Adenotomy – symptoms of hypertrophy of the third tonsil, indications for surgery

Adenotomy is now a routine procedure. It is most often performed in children with adenoid hypertrophy, although it is not always necessary. Adenotomy is performed when the doctor indicates the tonsil as the cause of persistently recurring infections or in the case of obstruction of the nasopharynx. Occasionally, this procedure is also performed on adults, but these are rare cases.

The tonsils are formed in the throat from lymphoid tissue and are an element of the so-called Waldeyer lymph ring. It consists of the palatine tonsils, lingual, trumpet and pharyngeal tonsils, side bands and lymphatic lumps located on the back of the pharynx. Whole Waldeyer ring it is located in such a way that it is exposed to contact with antigens that easily reach it from the external environment. It is in the tonsils that many cells of the body’s immune system are found, and as you know, in the first years of life, a child’s body “learns” to resist. Up to 6-7 years of age, the child’s lymph nodes grow very intensively. Then, in the adolescence period, the side bands and absorbent lumps overgrow. Thus, it sometimes happens that a child needs to remove the pharyngeal tonsil, also called the third tonsil, due to frequent recurring infections that put too much strain on the entire body. So it is carried out adenotomia. The procedure is part of one-day medical procedures, and the convalescence is short and not burdensome.

Adenotomy – necessity or prevention?

Properly built pharyngeal tonsil it has an oval shape. However, sometimes its image changes and its overgrowth is irreversible, which has negative consequences for the whole organism, and then its removal becomes simply a necessity. However, such a decision should not be rushed and should not be removed prophylactically. Physiology works like this tonsils they enlarge in almost any inflammation that develops in the throat. However, this is the correct response of the body, indicating that it defends itself against the development of infection and is a normal response of the immune system to viruses or bacteria.

On the other hand, enlarged tonsil it cannot block the entire breathing process, so it cannot restrict the openness of the nose in any way. If the body’s infections continue to recur, it may become alarming tonsil hypertrophyand thus irreversible disturbance of the nasal passages.

In rare cases adenoid hypertrophy it is caused by high allergic tendencies. Sometimes it also happens that a predisposition to tonsil hypertrophy are inherited from parents or grandparents.

Third tonsil hypertrophy – symptoms

On the one hand, it is very easy to see that something is wrong with the third tonsilon the other hand, they can be easily overlooked. In people with tonsil it loses its normal structure, partial or complete loss of nasal patency is observed. These people begin to breathe their mouths more and more. They snore while sleeping and have symptoms of obstructive apnea.
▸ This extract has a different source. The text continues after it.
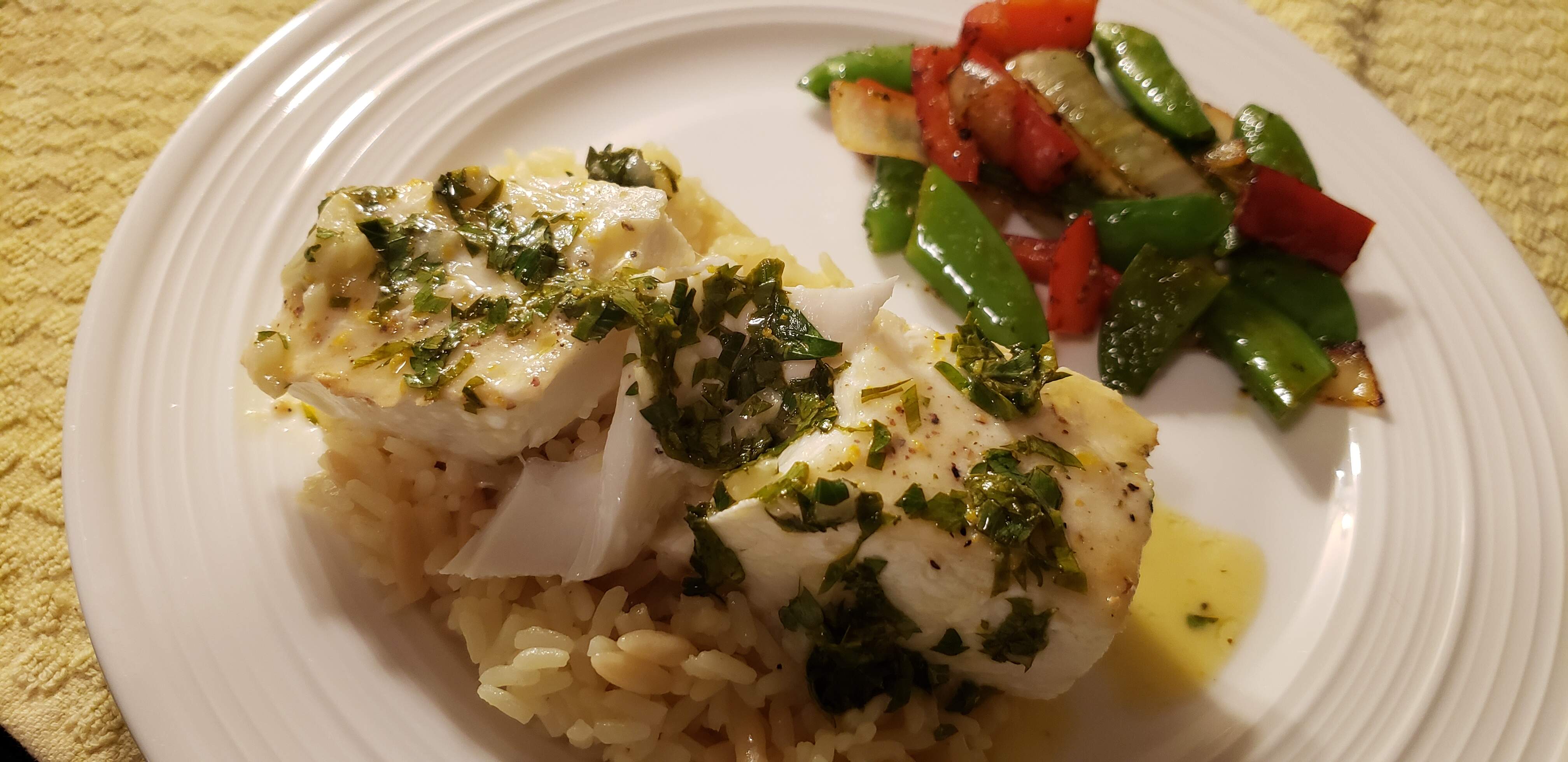 A white wine-lemon-parsley sauce was made to drizzle on the fish, served on Near East rice pilaf with sautéed sugar snap peas, red bell pepper, and onions alongside with Tuscan Sunset seasoning blend and a bit of s/p.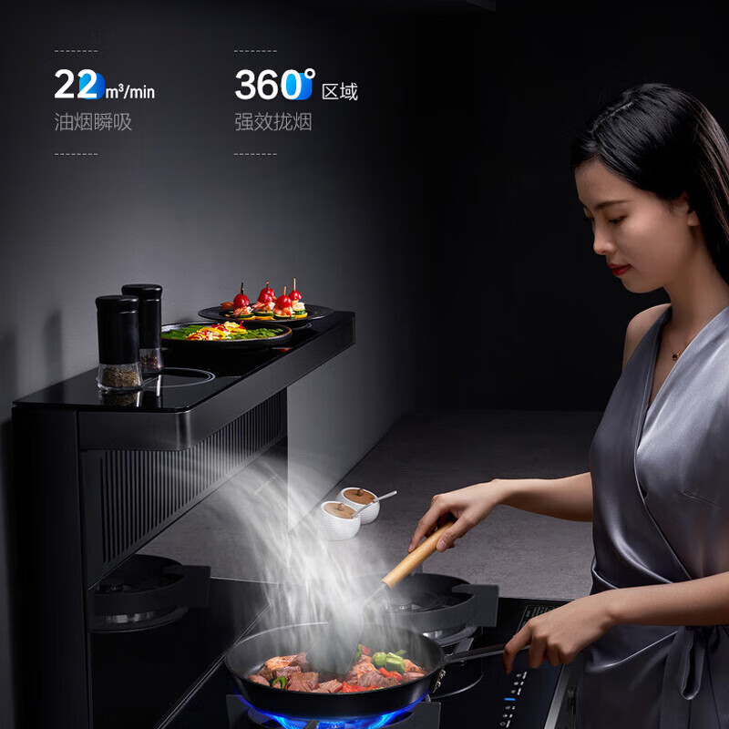 2、集成灶吸烟能力很大,火力猛,爆炒时瞬间吸走,好用。外观颜值高,很上档次,安装也不难,商家全程指导,很贴心。

Interestingly, many children change the timbre of their voice, which is technically called back, closed carrying.

Overgrown pharyngeal tonsil results in persistent and recurring inflammations of the pharynx and lower respiratory tract. This is precisely because of the obstruction of the nasal passage. At the same time, there may or may not be an obstruction of the Eustachian tube, which results in the loss of proper ventilation of the middle ear, and the next stage is repeated otitis.

In children with an overgrown adenoid sometimes the shape of the face changes, becoming too long, pale and quite poor in terms of facial expressions. Babies often have their mouths open because they just have to breathe.

Adenotomy – indications for the procedure

Medicine divides indications to be carried out adenotomii to be absolute and relative. The first is a situation in which there is no longer any doubt and the procedure must be performed. Down absolute indications is nasal obstruction, which is manifested by breathing only through the mouth, both during the day and at night. Tonsil it should also be absolutely removed when it comes to obstructive sleep apnea. In these cases, there is nothing to wait for, you have to act.

However, they are also relative indications, and these are situations where making a decision is not that easy. This happens in the case of recurrent infections of the middle ear, respiratory tract, sinuses, throat or even craniofacial deformities. It must be remembered that tonsils are an important element of the human immune system, and over time the body can learn to effectively defend itself against viruses and bacteria, thus cutting out pharyngeal tonsil would be unnecessary and detrimental to the whole organism.

The procedure itself is routine today and is performed under supervision endoscope. Diode lasers, shakers or harmonic knives are used. Plasma knives are used more and more often, which shortens the time of healing and convalescence as much as possible.